> [Extracted data entries]
BEGIN
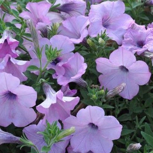 Петуния грандифлора суперкаскад лилак - это волшебное растение, которое принесет в ваш сад нежные и изысканные цветы светло-сиреневого оттенка. Ее стебли высотой до 35 см украшены крупными цветками диаметром до 13 см, создавая неповторимый вид. Листья петунии имеют ярко-зеленый цвет и элегантную форму, что делает растение еще более привлекательным.
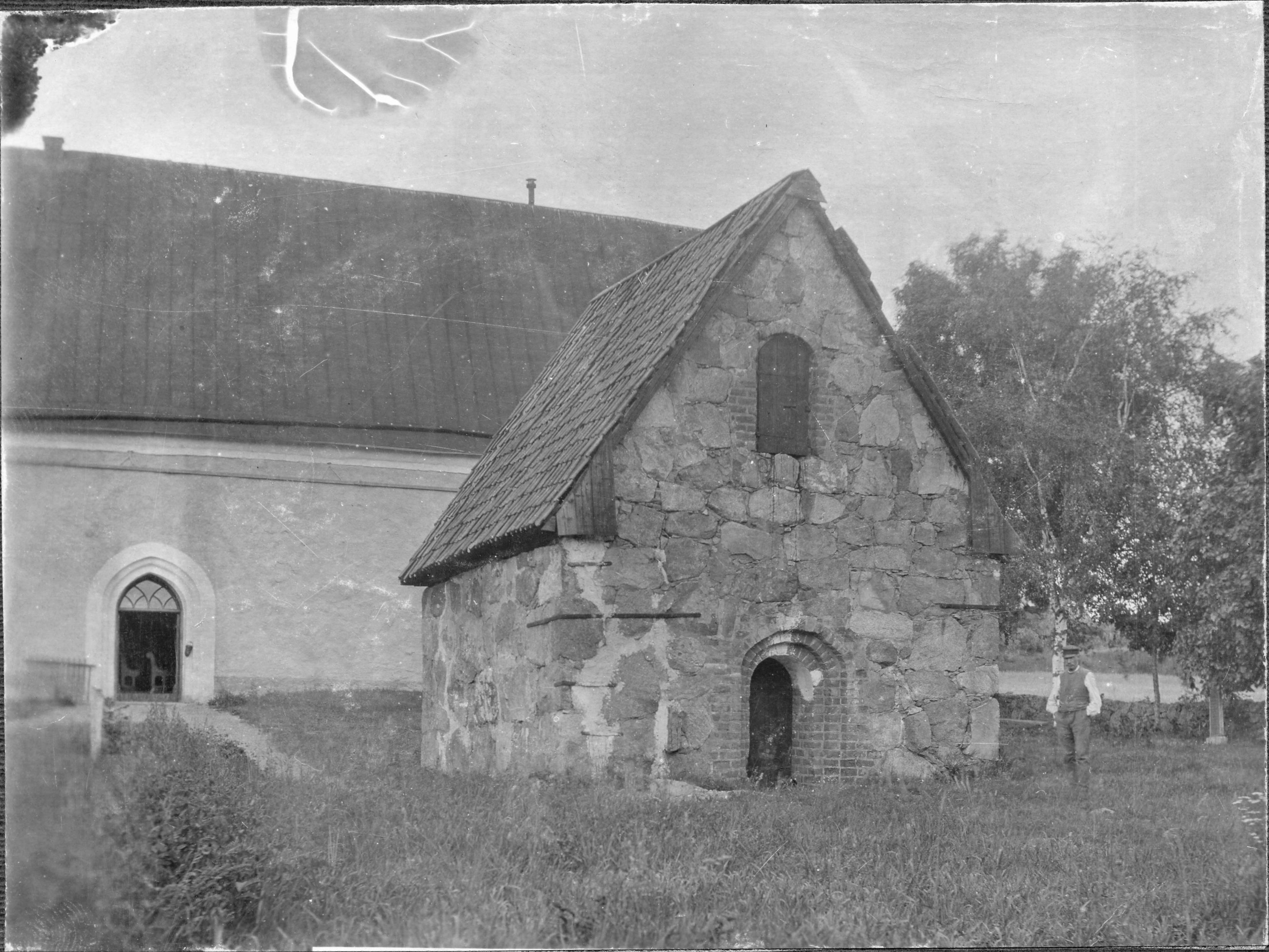 Kyrkan mot söder med fristående sakristia, 1200-talet, i förgrunden.
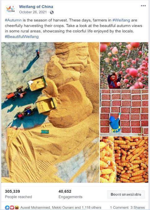 ▲2021年11月4日,潍坊脸书账号发布“潍坊金秋大片,真是长在我的审美上了”被发现美丽中国脸书转发。
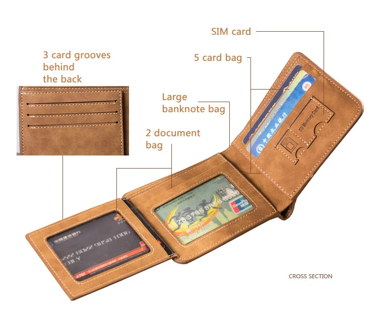 Новый мужской кожаный двойной кошелек, тонкий хипстерский бумажник ...
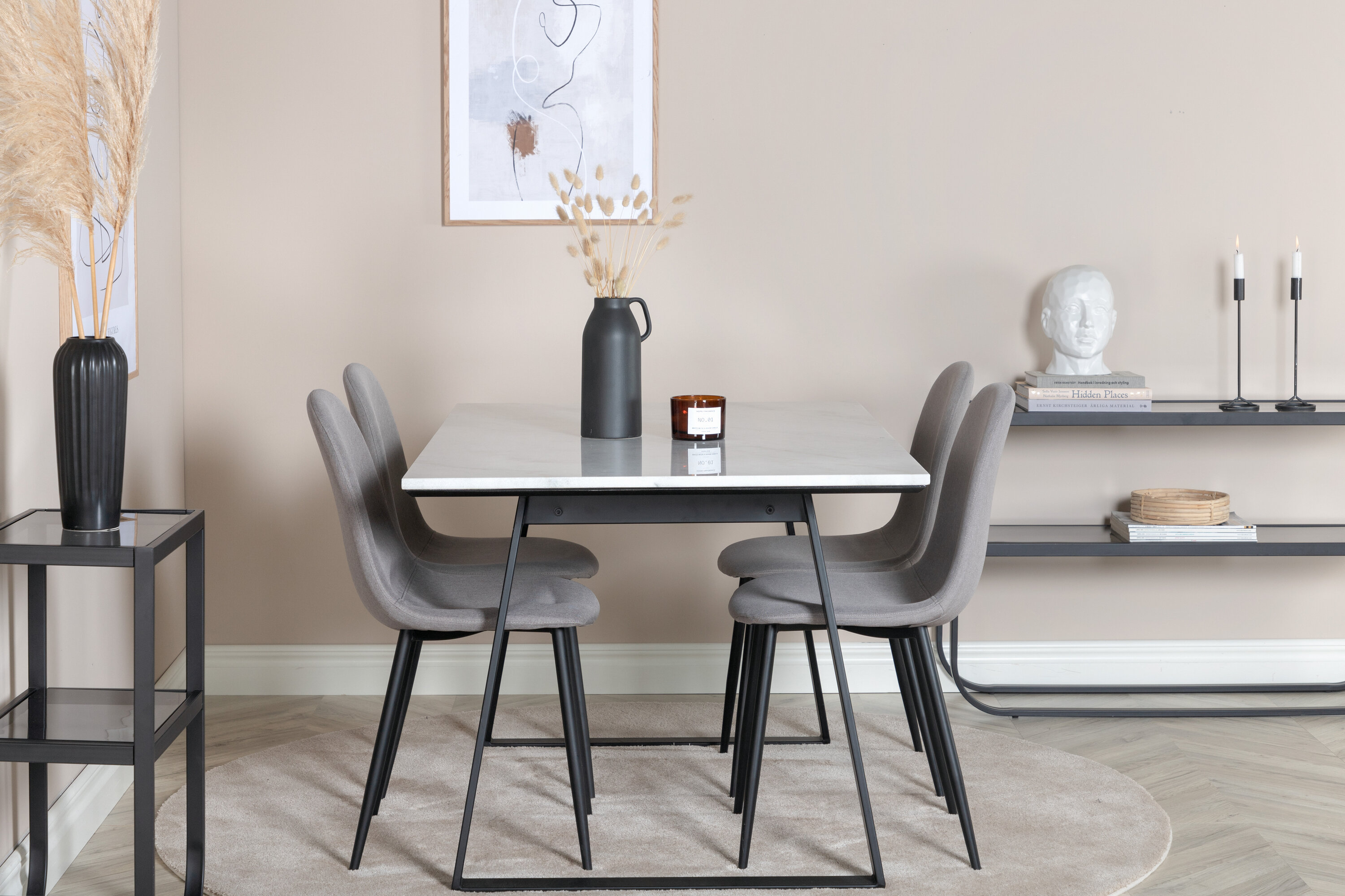 Modern und gemütlich! Der Esstisch Estelle zusammen mit den Polar-Essstühlen gibt dir eine Essgruppe, die sich nach zu Hause sehnt. Die Stühle sind robust und gut gewachsen - hier sitzt man gerne lange und genießt die Gesellschaft guter Freunde!
END
Write out again, exactly, each line from the one with "Новый мужской кожаный" to the end of the entries. No pictures go in.

 Новый мужской кожаный двойной кошелек, тонкий хипстерский бумажник ...
 Modern und gemütlich! Der Esstisch Estelle zusammen mit den Polar-Essstühlen gibt dir eine Essgruppe, die sich nach zu Hause sehnt. Die Stühle sind robust und gut gewachsen - hier sitzt man gerne lange und genießt die Gesellschaft guter Freunde!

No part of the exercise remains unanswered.